Aim: The aim of this study is to investigate the value of inflammatory markers for atrial fibrillation (AF) recurrence prediction after cryo-balloon ablation (CA).Materials & methods: The study included 399 patients divided into two groups by AF recurrence after CA. Inflammatory markers including uric acid/albumin ratio (UAR), systemic immune inflammation index (SIII) and CRP/albumin ratio (CAR) were evaluated.Results: UAR, SIII, and CAR were independently associated with the risk of recurrence in AF patients following CA. In ROC curve analysis, CAR had a greater area under curve (AUC:0.73) value than either SIII (AUC:0.68) or UAR (AUC:0.64).Conclusion: Our study results indicate that CAR compared with SIII and UAR had a greater predictive value than others inflammatory markers in predicting AF recurrence post-CA.
冷冻消融术后预测心房颤动复发的炎症标志物比较。
目的:本研究旨在探讨炎症标志物对低温球囊消融术(CA)后心房颤动(AF)复发的预测价值:研究纳入了 399 名患者,按 CA 后房颤复发情况分为两组。

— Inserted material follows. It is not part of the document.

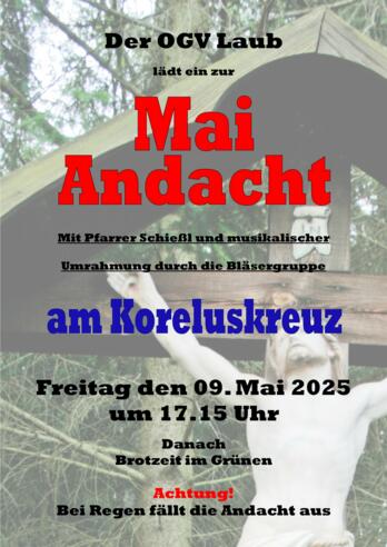 Die Maiandacht wird von Pfarrer Schießl am Koreluskreuz gehalten und musikalisch von einer Bläsergruppe umrahmt. Anschließend gibt es eine Brotzeit im Grünen.

研究评估了包括尿酸/白蛋白比值(UAR)、全身免疫炎症指数(SIII)和 CRP/白蛋白比值(CAR)在内的炎症指标:结果:尿酸/白蛋白比值、全身免疫炎症指数(SIII)和CRP/白蛋白比值(CAR)与房颤患者CA术后的复发风险独立相关。在 ROC 曲线分析中,CAR 的曲线下面积(AUC:0.73)值高于 SIII(AUC:0.68)或 UAR(AUC:0.64):我们的研究结果表明,与 SIII 和 UAR 相比,CAR 在预测心房颤动术后心房颤动复发方面具有更大的预测价值。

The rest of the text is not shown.